I think this indeterminacy is an illusion. If you confuse different
registers of a dialect, different idiolects, or even separate dialects, then
you may clump things together that don't belong together, and then imagine
that they're all part of the same process of language change. Then you'll
never figure out how the language is really changing, and you'll have to
resort to indeterminacy to make it all fit.
> 3. 'As anyone who has even learned a foreign language knows, strong
> verbs, the ones that change their vowels to make past tense or past
> participle, are very difficult to learn.'
D'oh! Written in a hurry?
> Further to these comments are the value judgements implied in the
> phrases 'Thank goodness English is getting easier' and 'Occasionally
> Scots lags behind. For example, many Scots still use 'gotten' as the
> past participle of get.' The entire impression given - in a course
> which, as I keep saying, was originally intended to support the more
> conservative varieties of the North - is that the mainland urban
> dialects are 'further down the road' of this desirable ('thank
> goodness') process of simplification, whereas the more conservative
> ones - which still use forms such as 'gotten' and 'pitten - are
> lagging behind.
Well, value judgements speak volumes.

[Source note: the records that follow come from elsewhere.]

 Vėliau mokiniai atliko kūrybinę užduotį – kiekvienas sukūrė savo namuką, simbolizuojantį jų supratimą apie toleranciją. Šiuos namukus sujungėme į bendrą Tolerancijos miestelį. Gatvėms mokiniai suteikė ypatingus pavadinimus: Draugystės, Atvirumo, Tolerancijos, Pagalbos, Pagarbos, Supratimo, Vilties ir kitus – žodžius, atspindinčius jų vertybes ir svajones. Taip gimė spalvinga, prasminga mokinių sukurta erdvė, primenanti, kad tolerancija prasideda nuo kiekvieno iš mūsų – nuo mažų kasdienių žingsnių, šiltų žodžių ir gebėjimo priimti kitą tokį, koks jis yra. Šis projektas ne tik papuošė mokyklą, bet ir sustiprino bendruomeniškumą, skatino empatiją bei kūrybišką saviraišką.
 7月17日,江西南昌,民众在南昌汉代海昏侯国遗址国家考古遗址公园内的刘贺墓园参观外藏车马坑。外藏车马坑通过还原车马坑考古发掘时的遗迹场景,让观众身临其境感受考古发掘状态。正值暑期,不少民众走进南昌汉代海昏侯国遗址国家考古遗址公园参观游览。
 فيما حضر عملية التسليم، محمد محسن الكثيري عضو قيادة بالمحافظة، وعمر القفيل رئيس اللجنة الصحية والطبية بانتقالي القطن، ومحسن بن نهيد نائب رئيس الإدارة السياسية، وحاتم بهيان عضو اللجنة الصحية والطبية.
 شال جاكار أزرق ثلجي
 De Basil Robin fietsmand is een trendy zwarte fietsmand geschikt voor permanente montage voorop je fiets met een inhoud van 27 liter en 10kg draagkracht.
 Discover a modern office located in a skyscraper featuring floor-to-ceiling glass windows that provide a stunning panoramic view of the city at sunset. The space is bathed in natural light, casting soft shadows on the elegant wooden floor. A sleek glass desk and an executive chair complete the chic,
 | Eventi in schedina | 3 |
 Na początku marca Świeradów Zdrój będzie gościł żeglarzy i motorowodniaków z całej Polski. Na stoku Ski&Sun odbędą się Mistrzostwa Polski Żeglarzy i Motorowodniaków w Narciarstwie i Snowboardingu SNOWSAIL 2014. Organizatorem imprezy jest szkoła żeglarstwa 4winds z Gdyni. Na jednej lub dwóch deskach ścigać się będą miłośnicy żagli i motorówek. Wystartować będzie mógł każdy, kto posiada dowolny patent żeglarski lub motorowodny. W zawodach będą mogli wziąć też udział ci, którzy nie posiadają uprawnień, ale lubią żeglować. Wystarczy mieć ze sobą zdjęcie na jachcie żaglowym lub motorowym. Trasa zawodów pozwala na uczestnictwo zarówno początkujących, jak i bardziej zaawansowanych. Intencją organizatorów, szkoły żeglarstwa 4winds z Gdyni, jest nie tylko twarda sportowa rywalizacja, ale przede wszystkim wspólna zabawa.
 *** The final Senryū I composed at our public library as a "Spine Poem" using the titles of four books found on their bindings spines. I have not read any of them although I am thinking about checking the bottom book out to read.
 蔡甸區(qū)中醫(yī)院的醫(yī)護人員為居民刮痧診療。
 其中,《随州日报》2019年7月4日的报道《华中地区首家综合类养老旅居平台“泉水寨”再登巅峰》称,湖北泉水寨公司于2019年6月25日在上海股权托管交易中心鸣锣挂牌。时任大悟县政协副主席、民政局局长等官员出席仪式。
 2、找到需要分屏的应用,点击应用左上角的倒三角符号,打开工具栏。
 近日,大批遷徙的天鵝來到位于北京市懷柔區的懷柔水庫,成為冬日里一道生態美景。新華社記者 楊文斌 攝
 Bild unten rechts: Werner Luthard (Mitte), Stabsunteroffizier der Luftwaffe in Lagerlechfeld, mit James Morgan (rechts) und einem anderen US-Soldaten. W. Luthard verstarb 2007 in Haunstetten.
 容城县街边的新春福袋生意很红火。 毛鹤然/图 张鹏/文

Rhetoric ain't what it used to be :(
> Whatever might be said about such a document as a guide for actors in
> Taggart (a Glasgow based detective programme), I personally am
> appalled to see it as the only academic textbook in a course intended
> to emphasise the varieties of the UHI area. As this approach seems to
> have gained total approval in all the areas of Scots promotion in
> Scotland, my views are irrelevant there, but I wondered how they would
> be seen in the context of linguistics generally, and perhaps
> particularly minority language issues in general.
This isn't really a criticism of the book, but Taggart seems rather poorly
done to me (or was, in the days when I used to watch it). The final straw
came when there was an episode with a Deaf man and his interpreter who were
using "sign language" that made it look like Deaf people only communicated
with random mime and great difficulty. One of those moments that make you
realise you're watching a programme that's really indifferently made, and
then you begin to see all the other mistakes and can't watch it any more!